What to produce ▸
When you copy the data, keep every line exactly as written and skip the pictures.
Source data START
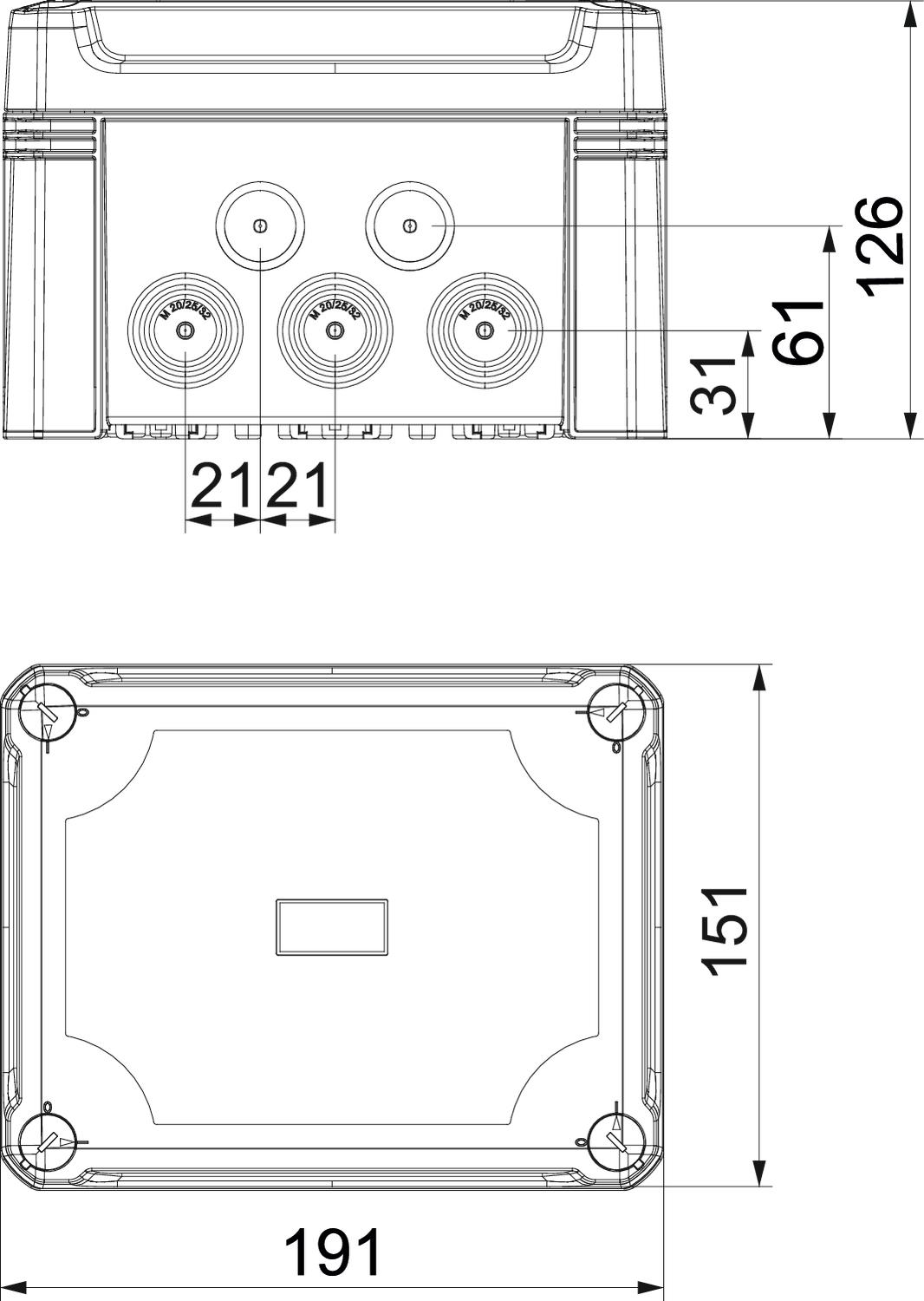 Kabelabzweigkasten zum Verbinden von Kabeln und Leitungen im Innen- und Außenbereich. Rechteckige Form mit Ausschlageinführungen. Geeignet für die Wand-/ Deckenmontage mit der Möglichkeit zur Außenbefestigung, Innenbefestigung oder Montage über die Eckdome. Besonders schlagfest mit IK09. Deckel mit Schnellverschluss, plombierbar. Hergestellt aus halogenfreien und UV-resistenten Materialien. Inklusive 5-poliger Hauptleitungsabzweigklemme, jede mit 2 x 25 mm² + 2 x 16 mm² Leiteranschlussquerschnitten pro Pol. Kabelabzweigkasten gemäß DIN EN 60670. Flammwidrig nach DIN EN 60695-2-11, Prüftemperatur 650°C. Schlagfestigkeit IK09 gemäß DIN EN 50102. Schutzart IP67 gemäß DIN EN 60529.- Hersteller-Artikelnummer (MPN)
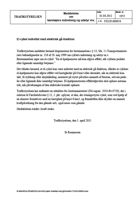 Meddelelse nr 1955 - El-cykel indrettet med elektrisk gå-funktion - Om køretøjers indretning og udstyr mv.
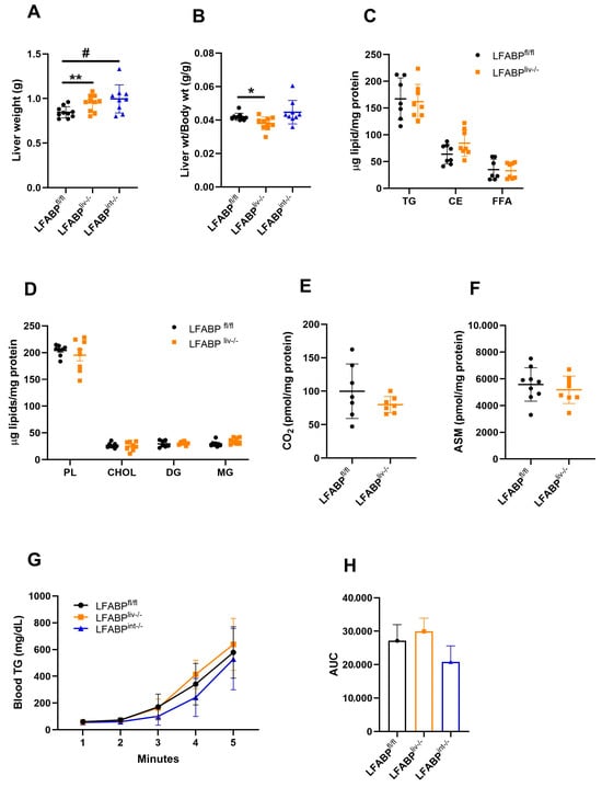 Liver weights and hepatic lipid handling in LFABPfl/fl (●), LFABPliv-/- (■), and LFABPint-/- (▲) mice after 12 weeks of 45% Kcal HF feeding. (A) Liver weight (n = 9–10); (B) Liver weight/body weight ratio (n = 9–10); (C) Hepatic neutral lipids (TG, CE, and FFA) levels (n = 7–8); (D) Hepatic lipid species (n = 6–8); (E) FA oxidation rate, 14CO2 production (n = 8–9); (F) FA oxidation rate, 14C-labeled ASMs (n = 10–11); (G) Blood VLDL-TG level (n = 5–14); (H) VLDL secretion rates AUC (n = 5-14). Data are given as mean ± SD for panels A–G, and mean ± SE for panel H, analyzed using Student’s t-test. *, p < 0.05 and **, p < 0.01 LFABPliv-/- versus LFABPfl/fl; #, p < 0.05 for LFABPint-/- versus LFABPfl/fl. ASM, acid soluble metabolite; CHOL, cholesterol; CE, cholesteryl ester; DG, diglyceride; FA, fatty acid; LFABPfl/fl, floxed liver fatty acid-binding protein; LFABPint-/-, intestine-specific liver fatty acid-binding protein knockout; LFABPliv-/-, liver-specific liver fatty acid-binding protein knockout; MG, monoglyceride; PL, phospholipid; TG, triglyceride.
Source data END
Task response ▸
 Kabelabzweigkasten zum Verbinden von Kabeln und Leitungen im Innen- und Außenbereich. Rechteckige Form mit Ausschlageinführungen. Geeignet für die Wand-/ Deckenmontage mit der Möglichkeit zur Außenbefestigung, Innenbefestigung oder Montage über die Eckdome. Besonders schlagfest mit IK09. Deckel mit Schnellverschluss, plombierbar. Hergestellt aus halogenfreien und UV-resistenten Materialien. Inklusive 5-poliger Hauptleitungsabzweigklemme, jede mit 2 x 25 mm² + 2 x 16 mm² Leiteranschlussquerschnitten pro Pol. Kabelabzweigkasten gemäß DIN EN 60670. Flammwidrig nach DIN EN 60695-2-11, Prüftemperatur 650°C. Schlagfestigkeit IK09 gemäß DIN EN 50102. Schutzart IP67 gemäß DIN EN 60529.- Hersteller-Artikelnummer (MPN)
 Meddelelse nr 1955 - El-cykel indrettet med elektrisk gå-funktion - Om køretøjers indretning og udstyr mv.
 Liver weights and hepatic lipid handling in LFABPfl/fl (●), LFABPliv-/- (■), and LFABPint-/- (▲) mice after 12 weeks of 45% Kcal HF feeding. (A) Liver weight (n = 9–10); (B) Liver weight/body weight ratio (n = 9–10); (C) Hepatic neutral lipids (TG, CE, and FFA) levels (n = 7–8); (D) Hepatic lipid species (n = 6–8); (E) FA oxidation rate, 14CO2 production (n = 8–9); (F) FA oxidation rate, 14C-labeled ASMs (n = 10–11); (G) Blood VLDL-TG level (n = 5–14); (H) VLDL secretion rates AUC (n = 5-14). Data are given as mean ± SD for panels A–G, and mean ± SE for panel H, analyzed using Student’s t-test. *, p < 0.05 and **, p < 0.01 LFABPliv-/- versus LFABPfl/fl; #, p < 0.05 for LFABPint-/- versus LFABPfl/fl. ASM, acid soluble metabolite; CHOL, cholesterol; CE, cholesteryl ester; DG, diglyceride; FA, fatty acid; LFABPfl/fl, floxed liver fatty acid-binding protein; LFABPint-/-, intestine-specific liver fatty acid-binding protein knockout; LFABPliv-/-, liver-specific liver fatty acid-binding protein knockout; MG, monoglyceride; PL, phospholipid; TG, triglyceride.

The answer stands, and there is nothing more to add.